▸ **PROVIDED MATERIAL**:
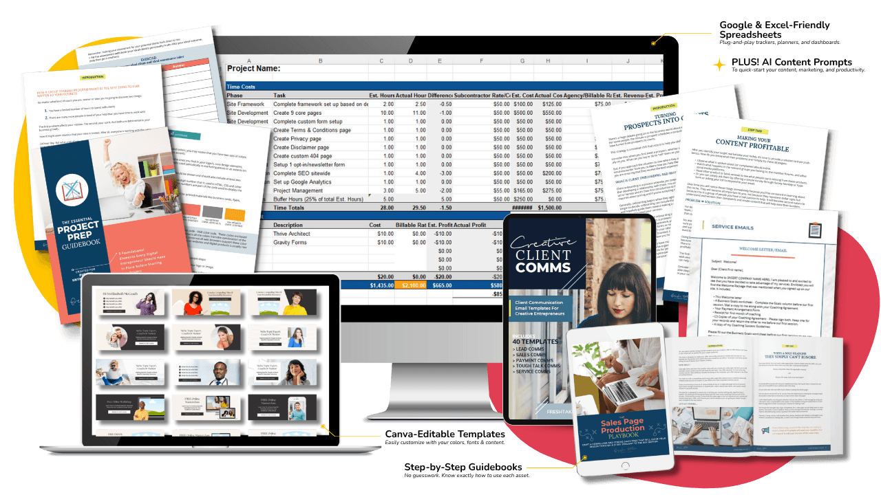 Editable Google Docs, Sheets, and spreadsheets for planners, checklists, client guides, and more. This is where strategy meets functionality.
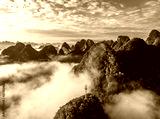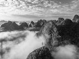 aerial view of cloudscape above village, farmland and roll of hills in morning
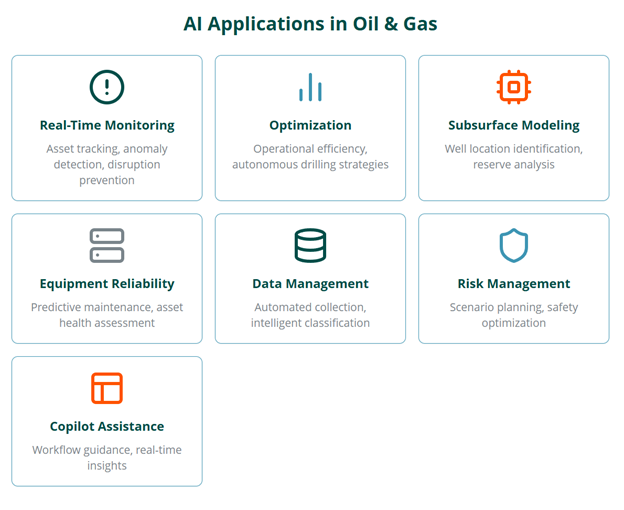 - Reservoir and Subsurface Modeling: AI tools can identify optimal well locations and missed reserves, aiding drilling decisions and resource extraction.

▸ **WHAT YOU WILL DO**:
Return the lines from the one that contains "aerial view of" through the final line of the listing above, inclusive. Transcribe them exactly and drop the pictures.

▸ **EXERCISE ANSWER**:
 aerial view of cloudscape above village, farmland and roll of hills in morning
 - Reservoir and Subsurface Modeling: AI tools can identify optimal well locations and missed reserves, aiding drilling decisions and resource extraction.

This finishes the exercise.